◆ Instructions for the task:
Ignoring every picture, transcribe the data in full as it stands.
++++ Information provided
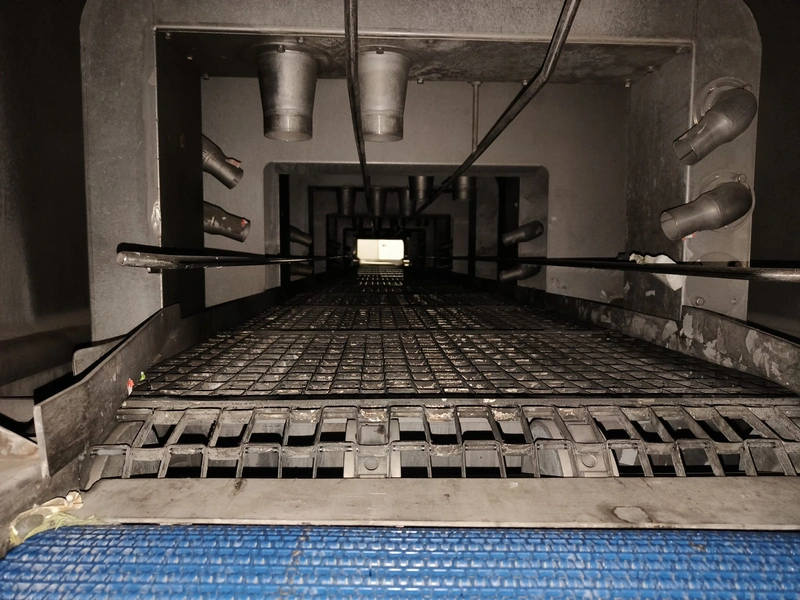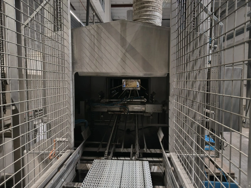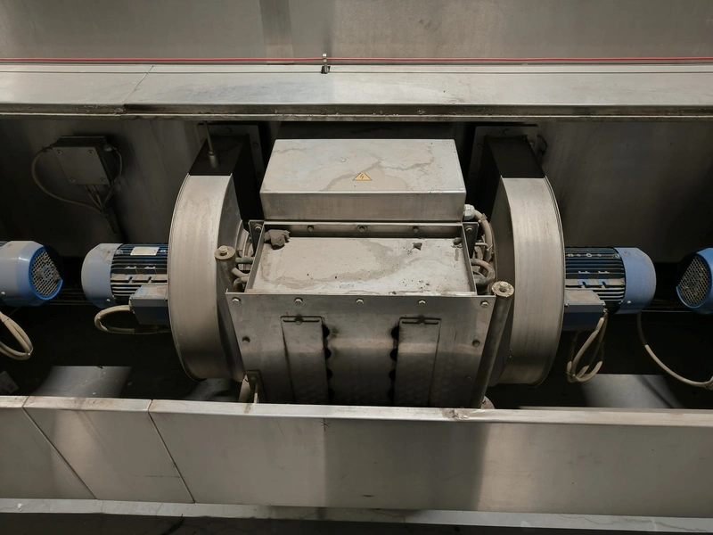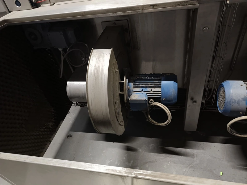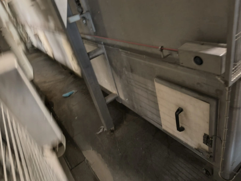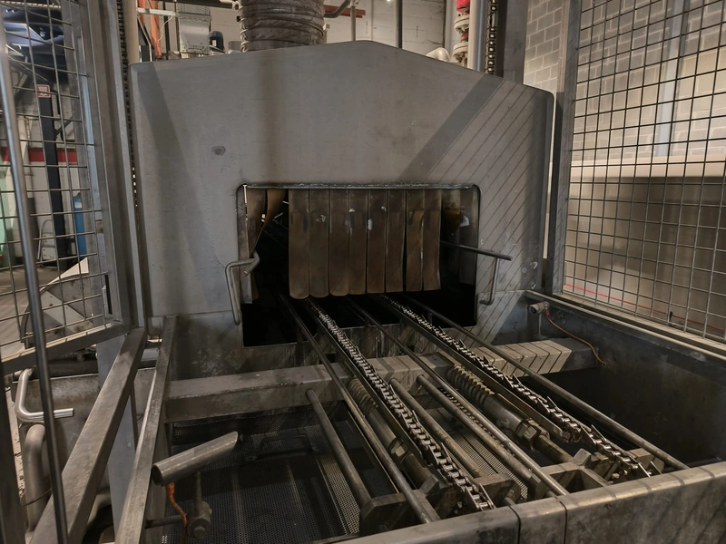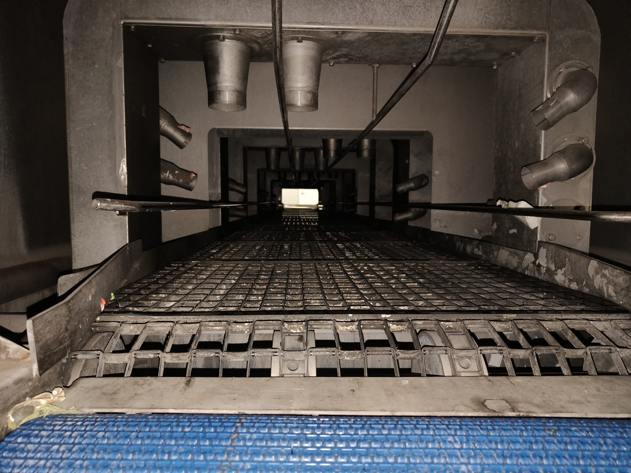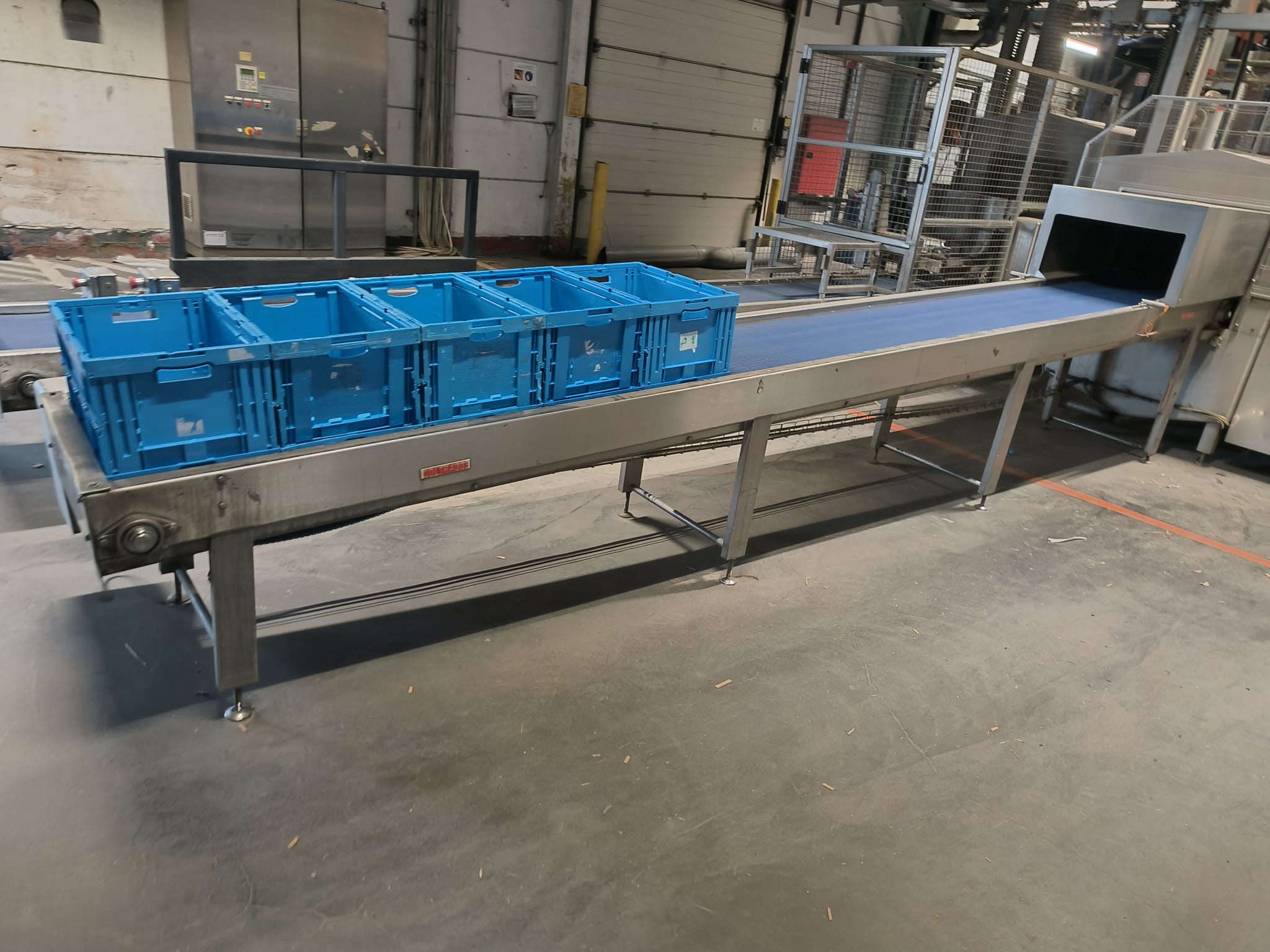 Colussi Ermes crate washing and drying line, type: L013/01, type: 9973, serial number: 1856, year of construction: 2010, maximum crate size: 600 mm x 400 mm x 330 mm, consisting of: infeed belt, plastic mesh belt, belt width: 620 mm, total dimensions: 7250 mm x 970 mm x 930 mm, washing machine with tilting device, dimensions: 7700 mm x 2500 mm x 3600 mm, dryer, dimensions: 9000 mm x 2600 mm x 3600 mm, outfeed belt, dimensions: 6160 mm x 1100 mm x 1100 mm, switch cabinet, dimensions: 1620 mm x 650 mm x 2260 mm.
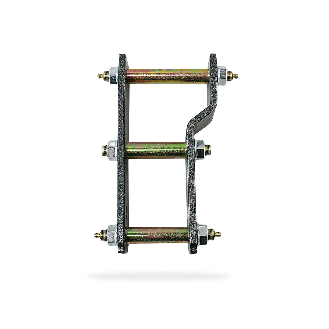 - Greasable Extended Shackles: Comes with grease fittings that allow for regular lubrication, helping to reduce friction and wear between the shackle and the bushings. Regular greasing extends the lift of the bushings and maintains smoother operation.
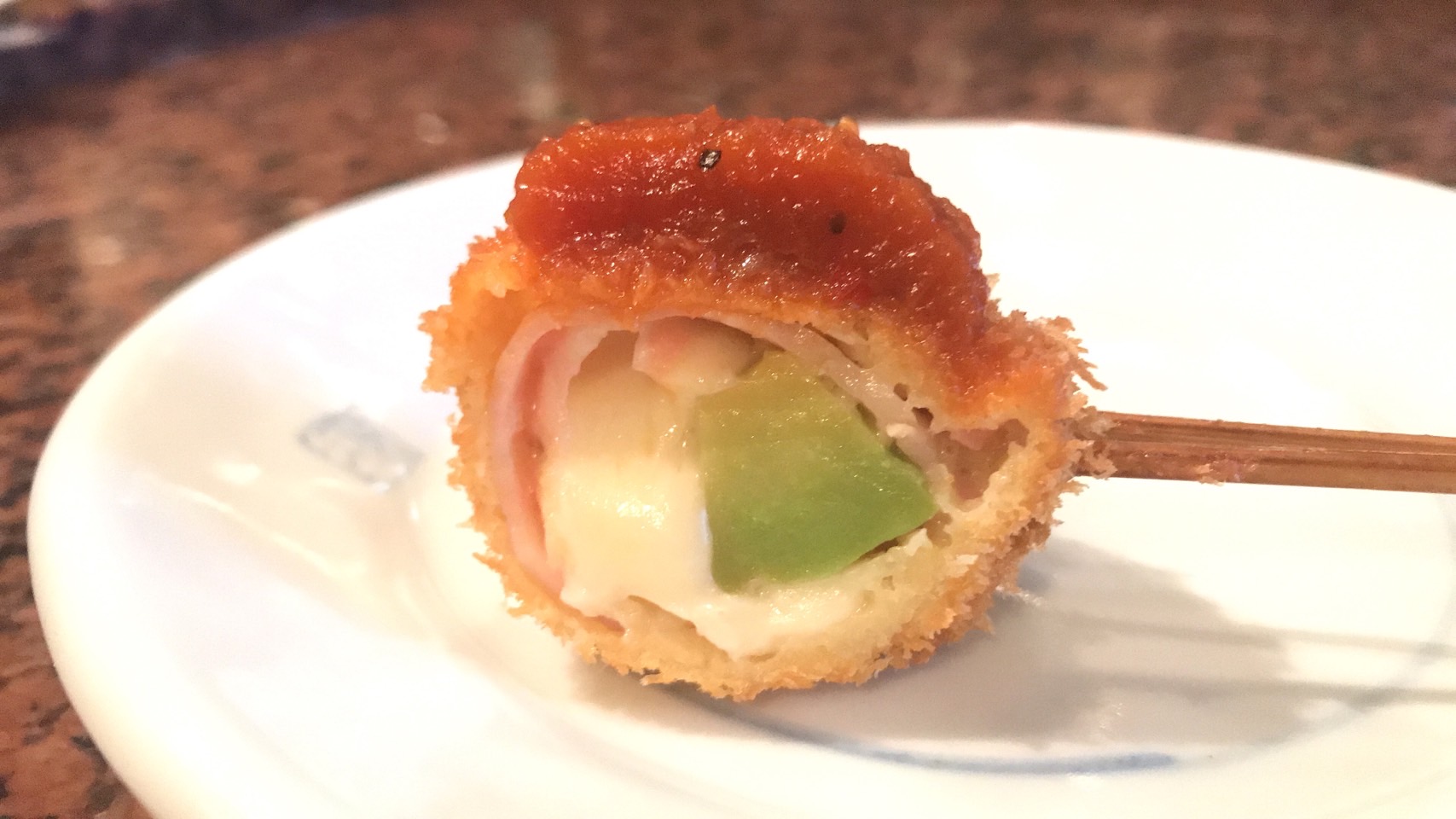 「モッツァレラチーズとアボカドのベーコン巻き」
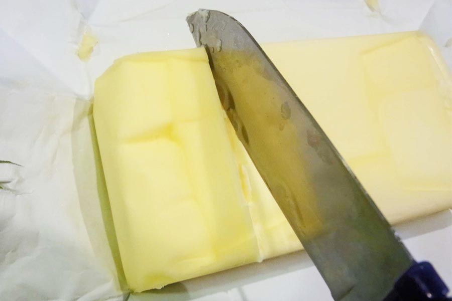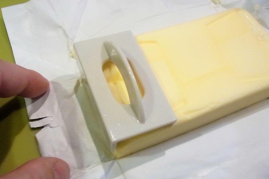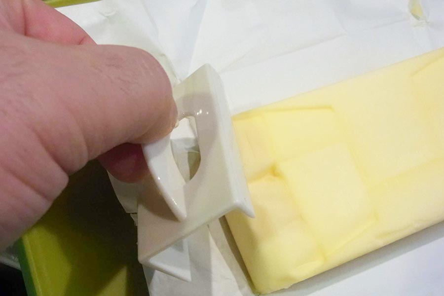 バターカットガイドを使ってバターの表面にカット位置の印をつけます。後は、印にしたがってバターをカット
++++++++
◆ Your response:
 Colussi Ermes crate washing and drying line, type: L013/01, type: 9973, serial number: 1856, year of construction: 2010, maximum crate size: 600 mm x 400 mm x 330 mm, consisting of: infeed belt, plastic mesh belt, belt width: 620 mm, total dimensions: 7250 mm x 970 mm x 930 mm, washing machine with tilting device, dimensions: 7700 mm x 2500 mm x 3600 mm, dryer, dimensions: 9000 mm x 2600 mm x 3600 mm, outfeed belt, dimensions: 6160 mm x 1100 mm x 1100 mm, switch cabinet, dimensions: 1620 mm x 650 mm x 2260 mm.
 - Greasable Extended Shackles: Comes with grease fittings that allow for regular lubrication, helping to reduce friction and wear between the shackle and the bushings. Regular greasing extends the lift of the bushings and maintains smoother operation.
 「モッツァレラチーズとアボカドのベーコン巻き」
 バターカットガイドを使ってバターの表面にカット位置の印をつけます。後は、印にしたがってバターをカット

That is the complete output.